Find elapsed time in years, months, days, hours, minutes, and seconds in C#

[elapsed time]

The TimeSpan structure represents an elapsed time. It has Days, Hours, Minutes, Seconds, and Milliseconds properties that tell you about the time that has passed. For example, if two dates are 3 days and 4 hours apart, then Days = 3 and Hours = 4.

It’s not so easy to tell how far apart two dates are in years and months, however, because years and months don’t all have the same length. Rather than producing some results, Microsoft simply didn’t include Years and and Months properties in the TimeSpan structure.

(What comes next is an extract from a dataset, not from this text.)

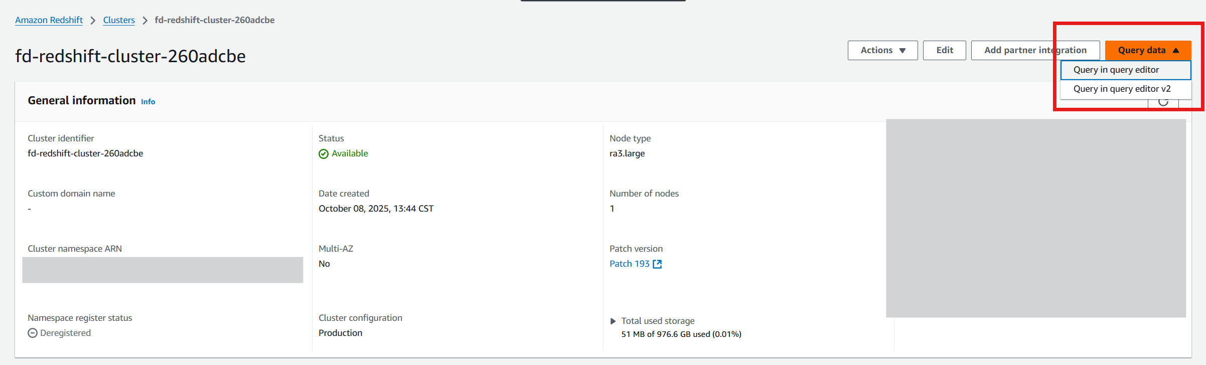 The Redshift Sink will push all transaction data out to Redshift, while the OpenSearch connector will push suspicious activity into OpenSearch. Go back to your AWS Console, select Amazon Redshift, and click on the fd-redshift cluster. Select Query in query editor v2 from the Query data dropdown to inspect the data in your database:

This example calculates a time difference with years and months, but it sometimes produces surprising results. For example, the difference between Feb 29, 2004 and Feb 28, 2008 is 3 years, 11 months, and 31 days. For another example, the difference between Feb 29, 2004 and Feb 28, 2007 is 3 years because there is no Feb 29, 2007.

The following GetElapsedTime method returns the elapsed time between two dates in years, months, days, hours, minutes, seconds, and milliseconds.

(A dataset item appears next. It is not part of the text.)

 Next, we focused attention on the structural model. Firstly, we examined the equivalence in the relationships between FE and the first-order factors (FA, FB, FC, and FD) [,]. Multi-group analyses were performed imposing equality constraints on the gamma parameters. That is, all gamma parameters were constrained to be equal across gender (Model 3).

// Return the number of years, months, days, hours,
// minutes, seconds, and milliseconds you need to add to
// from_date to get to_date.
private void GetElapsedTime(DateTime from_date, DateTime to_date, 
    out int years, out int months, out int days, out int hours,
    out int minutes, out int seconds, out int milliseconds)
{
    // If from_date > to_date, switch them around.
    if (from_date > to_date)
    {
        GetElapsedTime(to_date, from_date,
            out years, out months, out days, out hours,
            out minutes, out seconds, out milliseconds);
        years = -years;
        months = -months;
        days = -days;
        hours = -hours;
        minutes = -minutes;
        seconds = -seconds;
        milliseconds = -milliseconds;
    }
    else
    {
        // Handle the years.
        years = to_date.Year - from_date.Year;

        // See if we went too far.
        DateTime test_date = from_date.AddMonths(12 * years);
        if (test_date > to_date)
        {
            years--;
            test_date = from_date.AddMonths(12 * years);
        }

        // Add months until we go too far.
        months = 0;
        while (test_date <= to_date)
        {
            months++;
            test_date = from_date.AddMonths(12 * years + months);
        }
        months--;

        // Subtract to see how many more days,
        // hours, minutes, etc. we need.
        from_date = from_date.AddMonths(12 * years + months);
        TimeSpan remainder = to_date - from_date;
        days = remainder.Days;
        hours = remainder.Hours;
        minutes = remainder.Minutes;
        seconds = remainder.Seconds;
        milliseconds = remainder.Milliseconds;
    }
}

If the start date is after the end date, then the method calls itself reversing its dates and negating the results.

After ensuring that the start date comes before the end date, the program subtracts the dates’ years and adds that number to the start date. If the result is after the end date, it subtracts 1 from the number of years.

Next the program adds months to the start date until the result is after the end date. It then subtracts the last month.

The program works in months so the DateTime structure’s AddMonths method can handle such oddities as months with different numbers of days. For example, if you add 1 month to March 31, you get April 30 because April only has 30 days.

After it has found the largest number of years and months it can add to the start date, the program uses a TimeSpan to represent the time between the adjusted start date and the end date. It then uses the TimeSpan structure’s Days, Hours, Minutes, Seconds, and Milliseconds properties.

Yes this is confusing. There was a reason Microsoft didn’t add this to the TimeSpan structure!